Davacı ... İdaresi vekilince Bölge Adliye Mahkemesi kararı; dava konusu taşınmazın tamamının orman sayılan yerlerden olduğu, kaldırma kararı öncesi alınan bilirkişi raporu ile sonra alınan raporların çeliştiği, verilen kararın hatalı olduğu iddiası ve bozulması talebi ile temyiz edilmiştir.

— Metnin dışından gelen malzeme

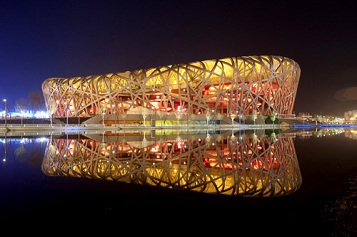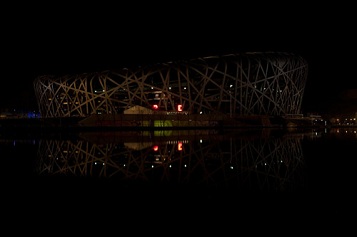 2009年3月28日。晚上 8点30分,北京新地标建筑鸟巢、水立方依次熄灭了外景照明灯。夜色中的奥运建筑呈现出别样风情。融入夜色之中的鸟巢轮廓隐约浮现,与车辆川流不息的北四环主干道上的辉煌景象,形成了鲜明的对比。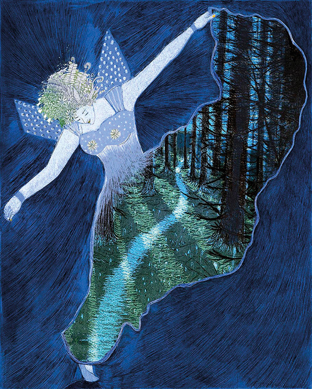 "Rakastin pienenä satuja. Lumouduin satukirjan viivapiirroksista niin, että päätin isona ruveta taiteilijaksi. Tarinoista eniten rakastin taikuutta. Kuvataiteessa voin yhdistää "taikuuden" kädentaitoon – luoda väreistä ja pintamateriaaleista uusia maailmoja ja tarinoita, avata ihmeitä näkyviksi.

Tüm dosya bilgileri incelendiğinde; taşınmazların 2/B madde uyarınca orman sınırları dışına çıkarılma işlemi münhasıran orman kadastro komisyonlarının görevi dahilinde bulunup, mahkemelerin böyle bir görevleri bulunmadığından, mahkemece taşınmazın 2/B madde gereğince orman sınırları dışına çıkartılacak yerlerden olup olmadığı hususunda karar verilemeyeceği unutulmamalıdır. Bu durumda; taşınmazın öncesi itibariyle orman sayılan yerlerden olup olmadığı hususunda ancak; mahkemece usulüne uygun teknik bilirkişiler ve orman bilirkişileri ile yapılacak keşif sonrası, yöreye ait en eski tarihli hava fotoğrafları, memleket haritalarının emsal kararlarda anlatıldığı şekilde uygun incelenmesi sonucunda krokili bilimsel verileri bulunan yeterli ve dosyadaki belgeler ile karşılaştırıldığında denetime elverişli sunulan raporlarla tereddüte mahal bırakmayacak şekilde belirlenen sonucuna göre karar verilecektir.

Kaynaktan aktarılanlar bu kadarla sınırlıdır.